Your goal | Print exactly the lines below between the line containing "Επέλεξε να βάλει" and the line containing "2011—2015年,三生连续5年荣获中国食品安全年会十强企业(证书)", counting both of those lines. Leave pictures out.

Materials provided |
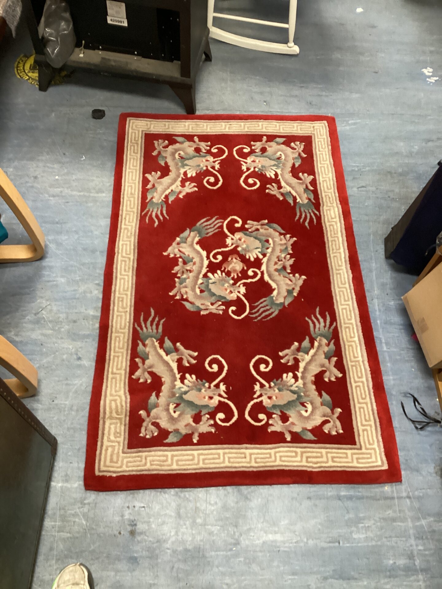 This striking rug features a vibrant red field adorned with a detailed oriental dragon pattern. The design is likely handwoven, showcasing traditional motifs and craftsmanship. The rug’s rich colour and intricate design make it a bold statement piece for any interior, adding a touch of exotic elegance and cultural heritage.
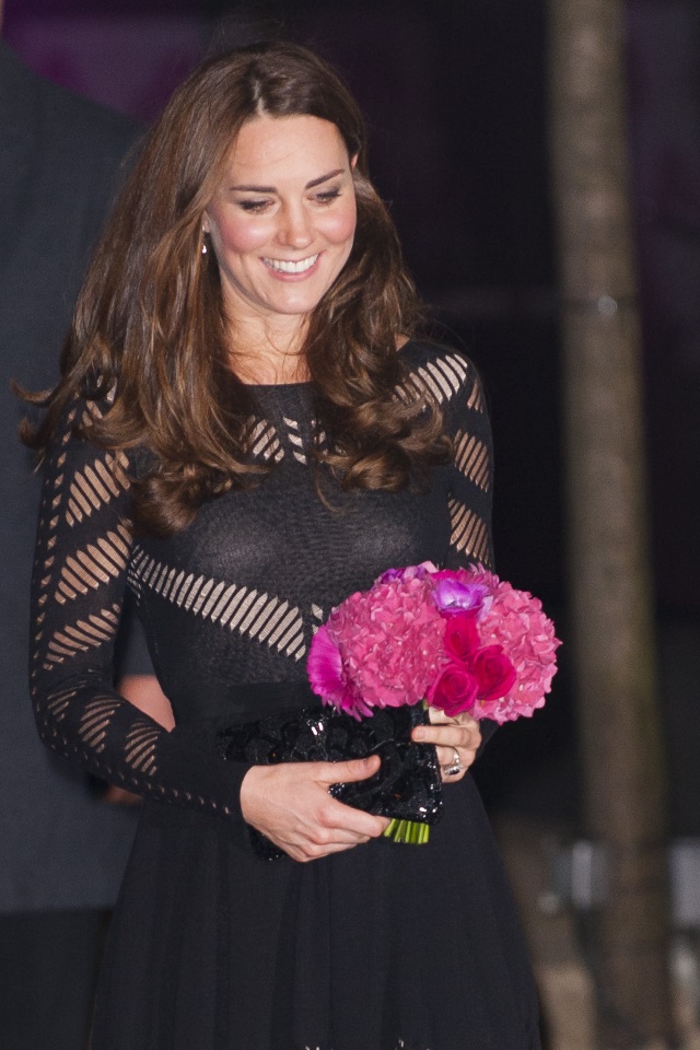 Επέλεξε να βάλει ένα μαύρο coctail dress και μαύρες ψηλοτάκουνες γόβες. Η Kate διανύει τον τρίτο μήνα της εγκυμοσύνης της και αναμένεται να γεννήσει τον Απρίλιο.
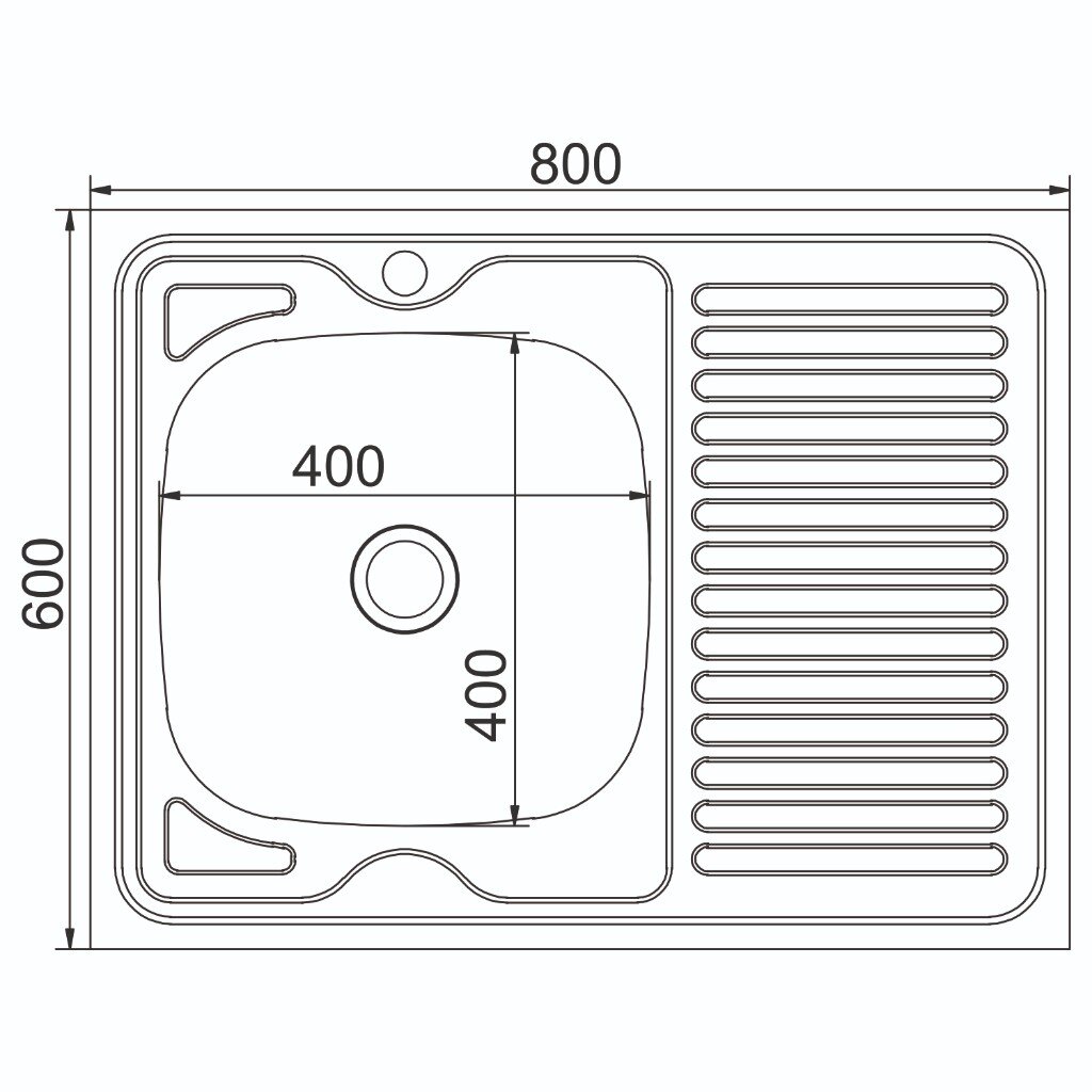 - Просторная чаша 80х60 см из нержавеющей стали 0.4 мм обеспечивает долговечность и устойчивость к коррозии.
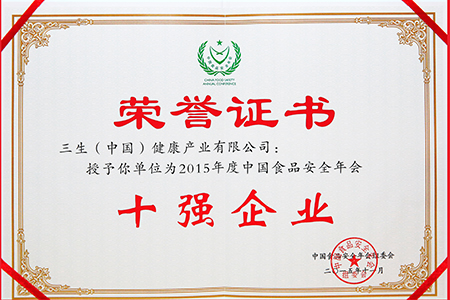 2011—2015年,三生连续5年荣获中国食品安全年会十强企业(证书)
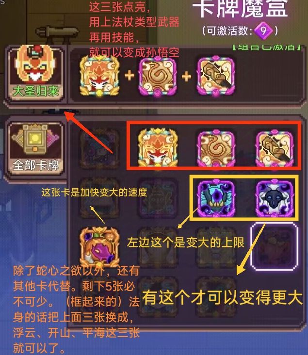 图一齐天大圣真身图二卡组推荐图三卡组必备说明。其中蛇心之欲可以换成其他带产业魂的卡。没有蛇心或者觉得业魂掉落慢的,可以多带产业魂的技能,甚至全带。图四伤害说明。主要是想说0星卡前期可以和大佬一起共度难关。不需要培养。变大需要,还会加一点伤害。图五选卡说明。我比较喜欢这些特效所以加这些。图六特效说明。其他特效可以替换,喜欢就可以换,比如太上真仙的法阵也不错。不过不知道队友看不看得,因为有的
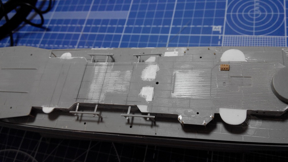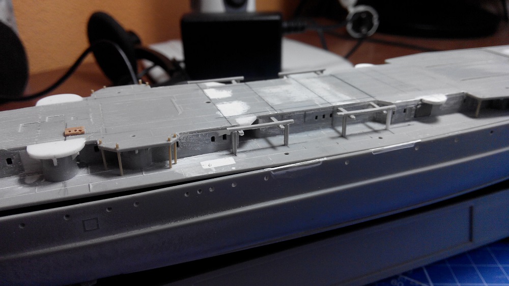 Просто там всё так хитро выглядит+ еще и мелко. Вот я и думаю, а может упростить этот момент. Деталь можно будет просто обозначить треугольничками  и все? Опоры под шлюпки предположительно должны  быть из двутавра, но масштабно его сделать не получилось, Пришлось нерезать тонкие полосы пластика и  клеить из них.
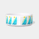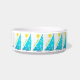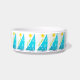 For sailing kitties, to go with their peoples' tableware...the original artwork by ZoeSPEAK on this small Water Bowl has a tropical feel and features twelve wind filled turquoise sails on marine blue waves under bright yellow suns. On the sails are circular white shapes like reflected ripples on the water. Under the suns, along the diagonal edges of the sails, are the words "sail away", in lime green. In the centre of the design is a pink paw print over marine blue text which reads "Moriah's Water Bowl". This text is set to personalise with your own pet’s name or delete if you wish. A fresh and breezy look for a kitten on a boat, in a cottage at the beach, a tropical island...

Task answer |
 Επέλεξε να βάλει ένα μαύρο coctail dress και μαύρες ψηλοτάκουνες γόβες. Η Kate διανύει τον τρίτο μήνα της εγκυμοσύνης της και αναμένεται να γεννήσει τον Απρίλιο.
 - Просторная чаша 80х60 см из нержавеющей стали 0.4 мм обеспечивает долговечность и устойчивость к коррозии.
 2011—2015年,三生连续5年荣获中国食品安全年会十强企业(证书)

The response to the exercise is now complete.